Cleaning your brush often, after every color change, is, for me, one of the big keys to trouble free air brush painting.
I'd suggest you have a tupperware full of clean water next to your painting station, some rags, and a spray bottle with water and a couple of drops of dish washing liquid mixed in.
When you finish with one color, drip the excess paint back into the paint bottle, wipe out the brush's bowl with a rag, dip the bowl into the clean water, and back flush it well. Do that several times. Then use the soap/water spray bottle to fill the bowl again, back flush well, and clean out the nozzle with a soft brush and the soap solution.
Take the needle out and wipe it clean. Then put it back in CAREFULLY. Bent needles are a nightmare.
Then flush one more time with water, and you're ready to paint again.
Once you develop a routine, it doesn't take long, and it will help avoid lots of the problems we all encounter with air brushes.
Have some acetone handy, and use it to backflush your brush once a week or so, and it will keep the paint from building up in the tiny air holes around the nozzle.
Depending on the paints you use, how hot it is, and how much you thin your paints, you may find you need to do the cleaning routine more or less often. I do it a lot, and don't have to do an acetone cleaning very often at all.
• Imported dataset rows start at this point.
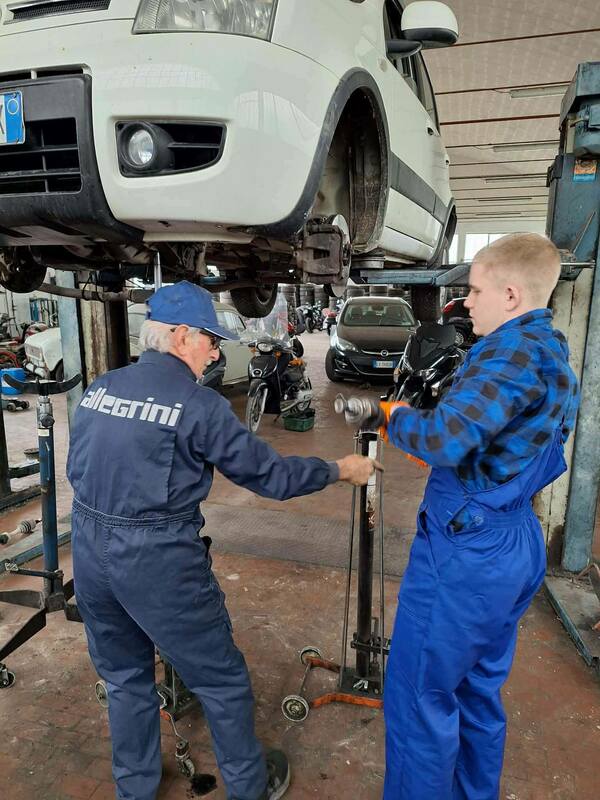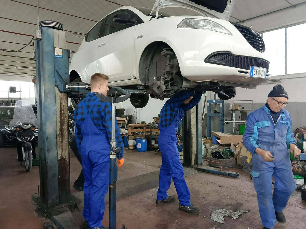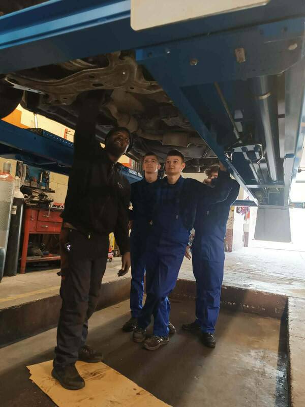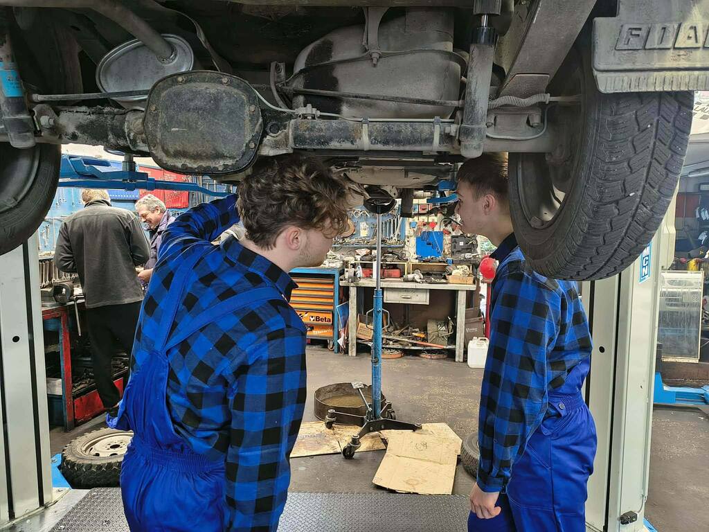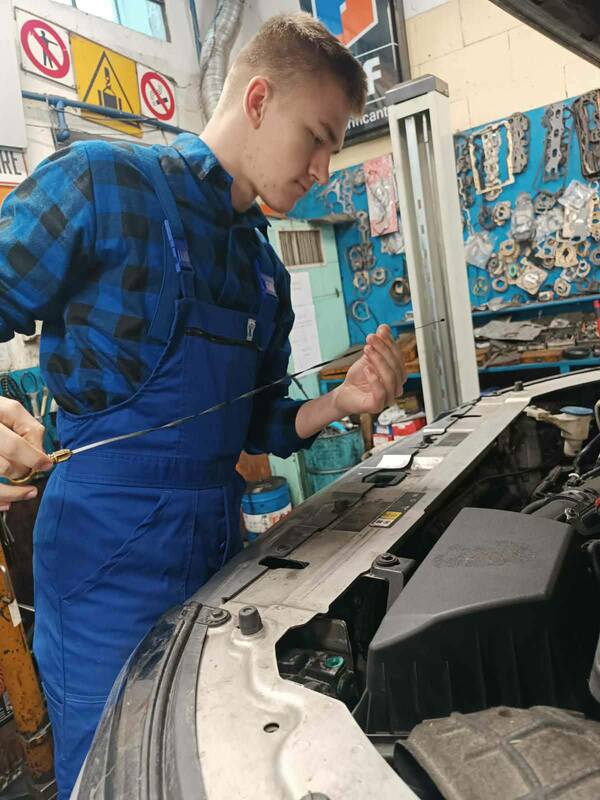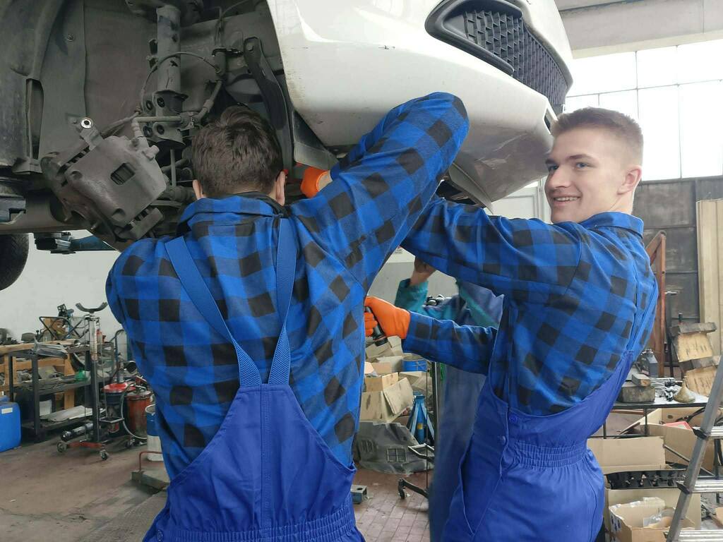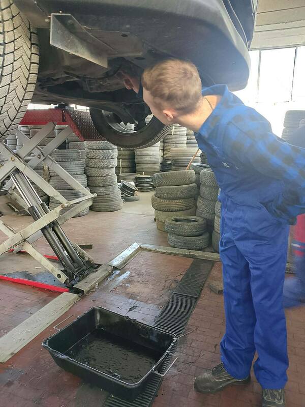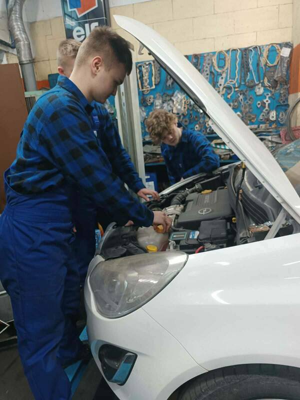 Podczas zajęć praktycznych uczniowie technikum pojazdów samochodowych wykonują prace związane z obsługą i naprawą układów mechanicznych pojazdu. Zakres działań obejmuje wymianę klocków oraz tarcz hamulcowych, a także czyszczenie zacisków i jarzma oraz odpowietrzanie układu hamulcowego. Ponadto przeprowadzają wymianę wahaczy oraz tulei metalowo-gumowych, co pozwala na poprawę stanu zawieszenia pojazdu. W ramach zajęć wykonują również wymianę oleju silnikowego wraz z filtrami – oleju, powietrza oraz paliwa.
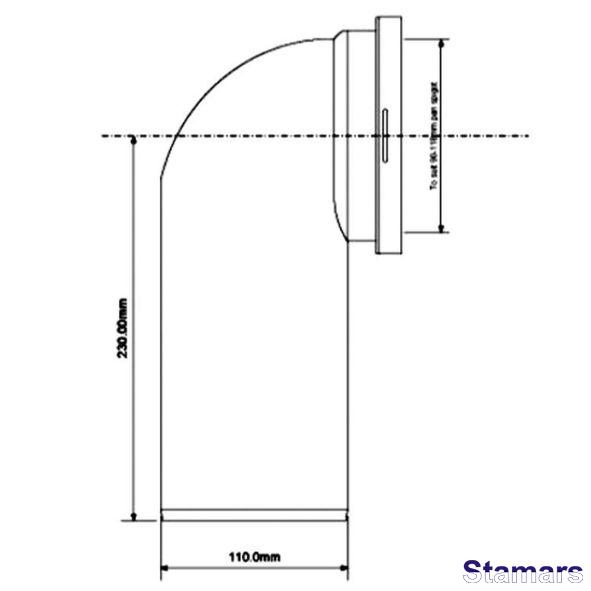 Kanalizācijas pieslēgums, garš 220 mm, leņķis 90 grādi. Ieplūde 90-118mm ar lūpu blīvējumu, izeja 110mm.
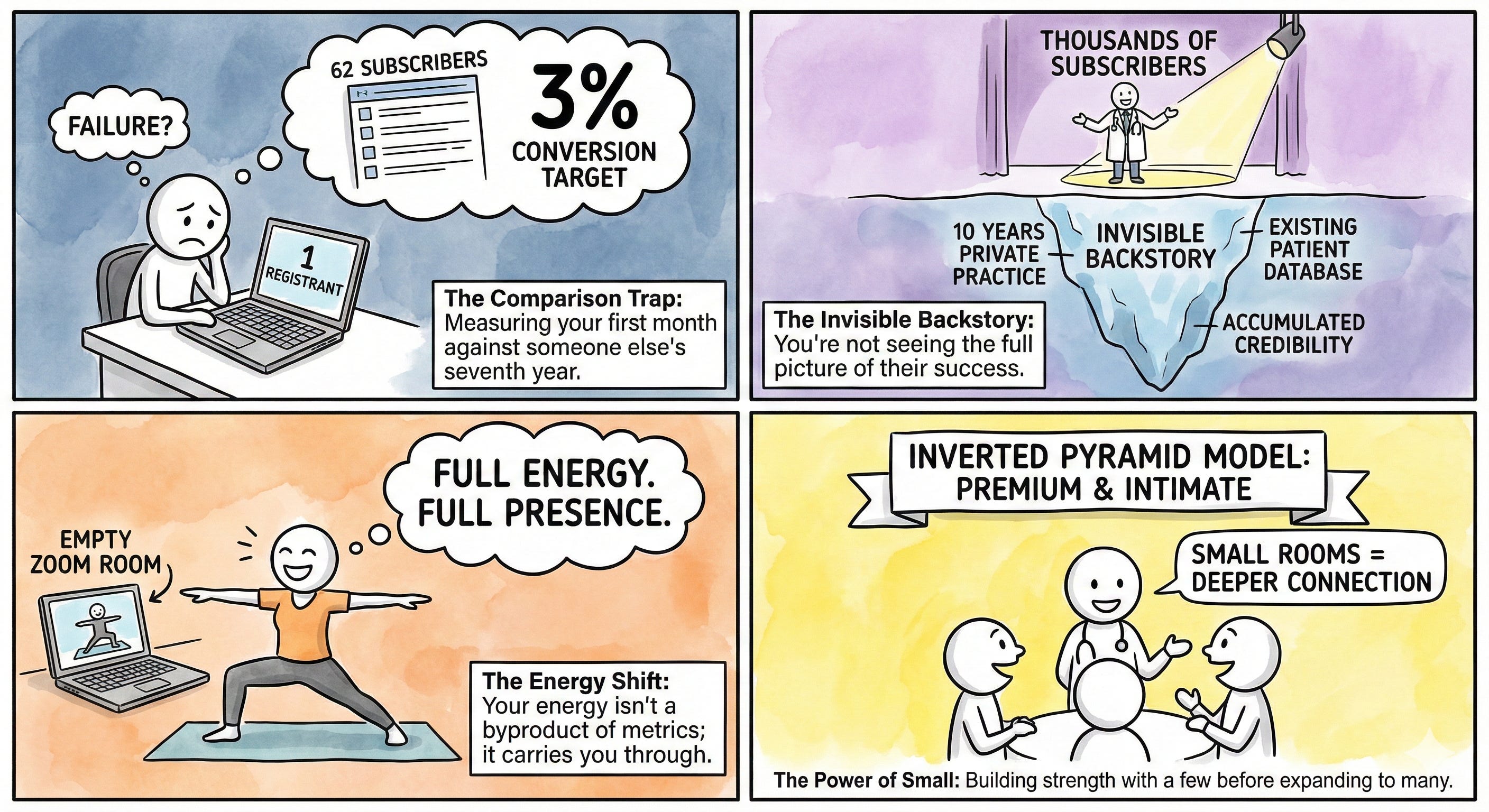 Here’s what the internet won’t tell you: most early-stage creators are succeeding by every real measure while feeling like complete failures. They’re measuring their first month against someone else’s seventh year. And the gap between those two things looks like evidence that something is wrong with them.

I do use a spray bottle of Windex as a part of my cleaning routine, with a backflush with Windex between the first water backflush and the dishsoap flush, but some people say Windex, or at least the ammonia in it, attacks the chrome of the air brush. I flush it all out so well I don't worry about it, and the ammonia is good at breaking up any dried paint.
The other key is thinning whatever paint I'm using to the consistency of skim milk, and just using more coats, with each coat heat set with a hair dryer. Use whatever thinner the paint manuf. recommends, and you won't go wrong.